Теперь он обладал всем. Все наслаждения жизни лежали у его ног, но они удивительно потеряли для него свою цену.
Впрочем, такое угнетенное состояние продолжалось недолго: ясный и энергичный ум молодого ученого мужественно стряхнул его. Путь был намечен – следовало идти по нему, так как он хотел быть господином положения и зрячим. Только пройдя «посвящение», появится он на арене жизни; но не как Нарайяна, чтобы наслаждаться пошлыми материальными удовольствиями, а для того чтобы помогать завоеванным знанием своим несчастным братьям. Золото свое он будет раздавать не каким-нибудь Пьереттам, которые и без того всегда найдут щедрых обожателей, а обездоленным, которыми никто не интересуется и которых богатый обходит мимо, боясь запачкать свои руки.
Целой вереницей восстали в его памяти тягостные картины нищеты, на которые он наталкивался во время своей врачебной карьеры: чердаки и подвалы, где в холоде и голоде прозябали целые семейства и маленькие дети, невинные глазки которых точно спрашивали, почему жестокая судьба заставила их родиться только для страдания?
Страстное желание знать, лечить и помогать наполнило сердце Супрамати.
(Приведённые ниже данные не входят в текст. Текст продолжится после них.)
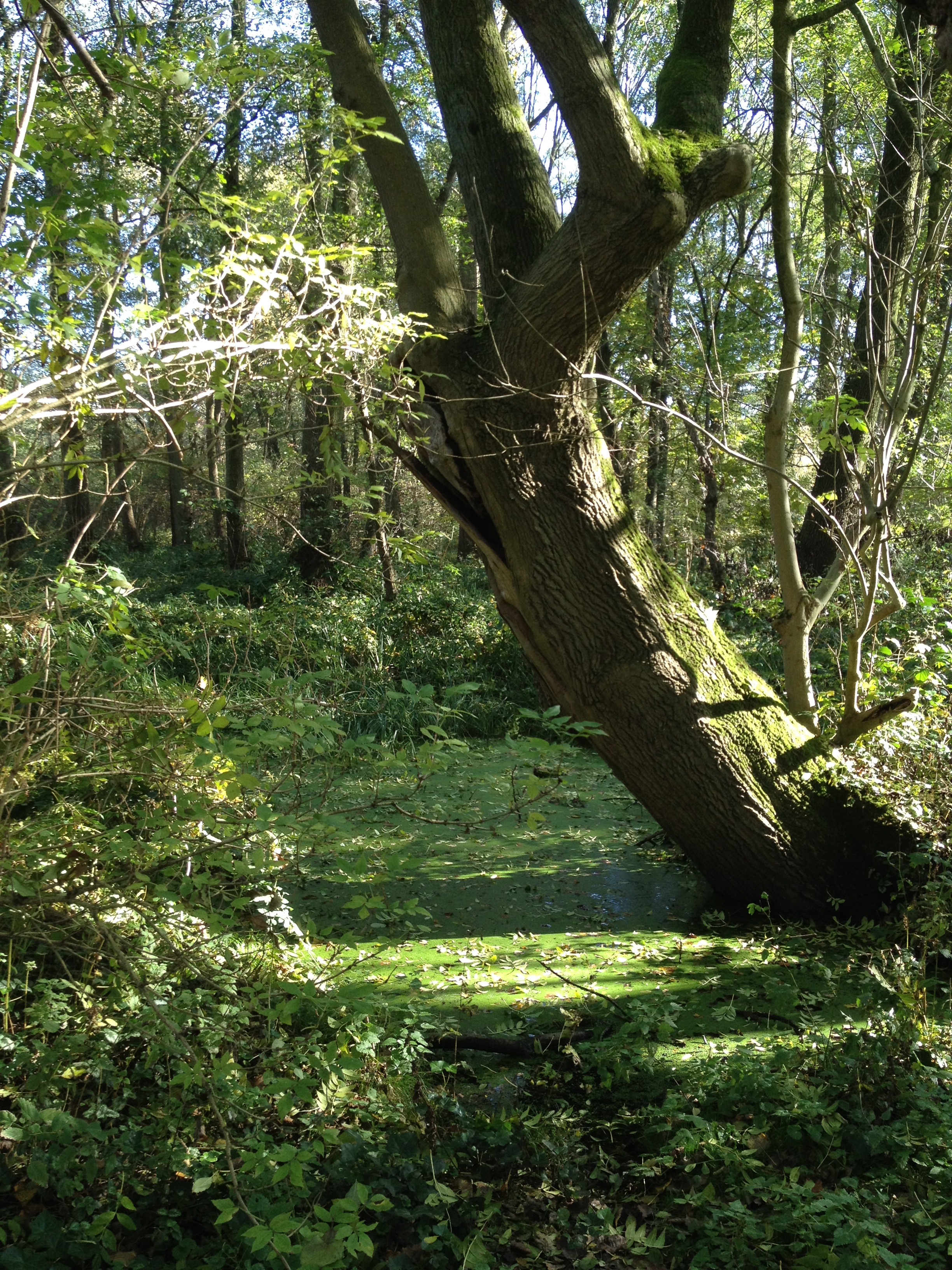 The "Tuedderner Venn" is a beautiful swamp landscape alongside the river Rode, marking in part the border between Germany and The Netherlands.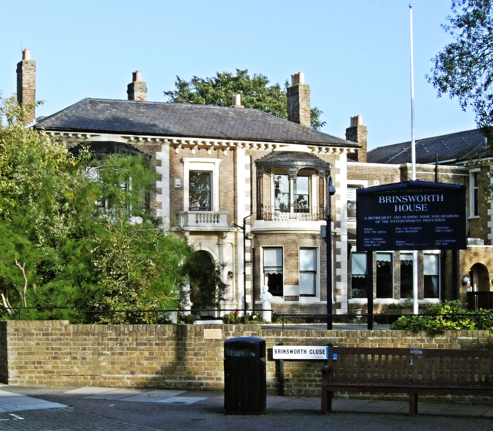 Brinsworth House is a luxury retirement home for famous British artistes connected with theatre or entertainment, at Staines Road in Twickenham, west London, England. The mansion has 36 bedrooms, 6 living rooms, a library, an in-house bar and stage, and has a regular staff of 64 attendants. -Wiki

Чистый огонь милосердия пылал в нем, и он уже больше не боялся трудиться, хотя бы целую планетную жизнь, на громадном поле битвы горя людского.
На следующий день к завтраку приехал виконт, и как всегда, привез с собой самую интересную, с его точки зрения, программу дня. На этот раз дело шло о знакомстве с очаровательной испанкой – Розитой.
– Это чисто жемчужина! Это настоящая колибри! Предупреждаю вас, принц, что вы будете без ума от нее, – прибавил Лормейль, с увлечением целуя кончики своих пальцев.
Но в душе Супрамати звучал еще восторг минувшей ночи, и он с едва скрываемым презрением смотрел на этого эгоистичного развратника, сбросившего с себя долг супруга и отца, чтобы вести позорную и праздную жизнь за кулисами и в будуарах кокоток.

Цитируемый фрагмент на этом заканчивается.